Union targets Baucus over health taxes
Senate Finance Committee Chairman Max Baucus (D-Mont.) continues to catch flak from organized labor for considering new taxes on workplace health benefits.
The Laborers International Union of North America (LiUNA) is pushing its members to contact Baucus, one of the Senate’s leading authors of healthcare reform legislation, to protest the proposal, which would subject the value of some workers’ health insurance to income taxes for the first time. According to a spokesman for the union, they expect the senator to get 20,000 calls and emails.
Labor unions are fit to be tied about these taxes. Big business is, too, but Democrats are more worried about aggravating their allies in organized labor.
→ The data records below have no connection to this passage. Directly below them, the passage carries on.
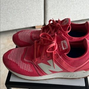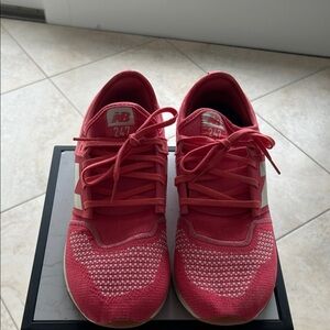 Women's New Balance low-top sneakers. Coral pink knit upper with subtle white logo accents. Lace-up closure for a secure fit. Lightweight and breathable design.
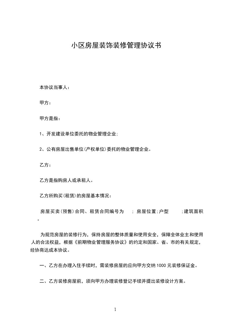 为规范房屋的装修行为,保持房屋的整体质量和使用安全,保障全体业主和使用人的合法权益,根据《前期物业管理服务协议》的约定和国家、省、市的有关规定,经协商达成本协议。
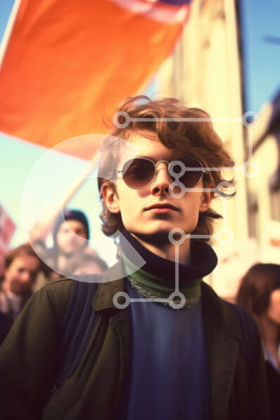 Intra Συλλεκτικό Ξύλινο Παζλ Plywood 4mm - Νεαρός άνδρας με γυαλιά ηλίου που κρατούν την πορτοκαλί σημαία στο πλήθος Σε Ξύλινο Κουτί - Διαστάσεις Puzzle: 10x10 cm – 25 κομμάτια
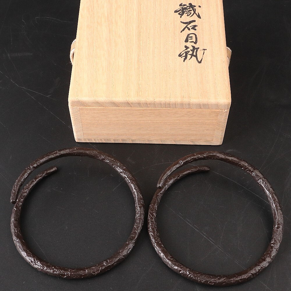 - ◆◇十四世 金谷五良三郎造 鉄石目丸釜鐶 茶道具 共箱◇◆
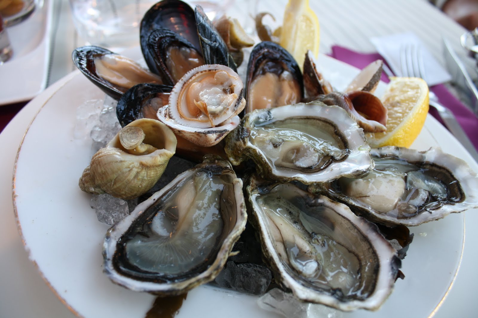 My coquillages appetizer came very nicely presented on ice rocks and another plate on the side with garlic sauce which my husband liked better than aioli sauce, red vinegar with onions (this is exceptional with oysters, I had previously tasted that in Cassis).

“Senators Baucus and [Kent] Conrad [D-N.D.] are stuck in the beltway if they think they can pass healthcare reform on the backs of working people. The idea of taxing healthcare benefits is dead on arrival. It will be impossible to pass healthcare reform without the support of working people and the labor movement. LIUNA members are absolutely opposed to having their benefits taxed, LiUNA spokesman Jacob Hay said in a statement.
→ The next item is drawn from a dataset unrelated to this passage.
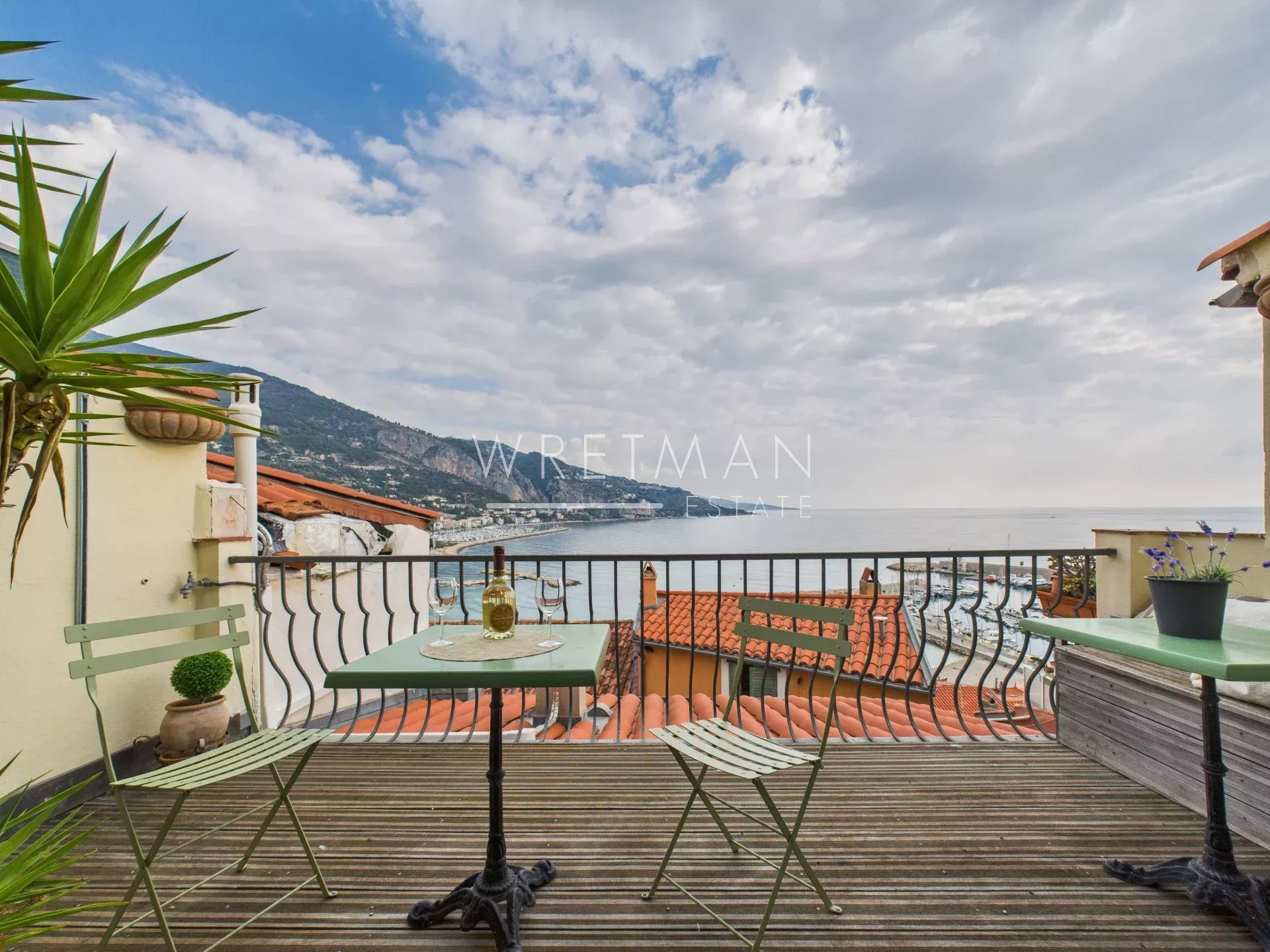 A l'étage, se trouve un appartement en duplex comprenant au 1er niveau : une grande cuisine équipée, une chambre et salle d'eau avec toilettes. Au niveau supérieur, une belle pièce de vie ouvrant sur une terrasse de 10 m² avec une vue panoramique sur la mer et la côte italienne.

Liberal groups have gone after Baucus on other issues, as well, especially to pressure him to include a strong government-run public option for health coverage in his legislation.
The notion has supporters and detractors among Democrats and Republicans. President Obama campaigned against the idea of taxing health benefits but has signaled some flexibility on the issue as it has become clear Congress might actually pass a healthcare reform bill with the policy in it.
Baucus and other lawmakers support levying these taxes for two main reasons. First, the taxes would generate tons of money to help pay for a healthcare reform bill that will cost at least $1 trillion dollars. Second, many academics argue that enabling tax-free health insurance encourages companies and workers to buy too much insurance and consume too much medical services, thereby driving up costs for the whole healthcare system.
Opponents predict that taxes on health benefits will make premiums too expensive for workers.
Baucus isn’t the first Democrat to suffer an attack from a union. The National Education Association, the American Federation of State, County and Municipal Employees and the United Food and Commercial Workers ran radio ads last month criticizing Sen. Ron Wyden (Ore.) for his ardent support of getting rid of the current tax exclusion for health benefits and replacing it with a fixed credit. Wyden responded by firing back with ads of his own.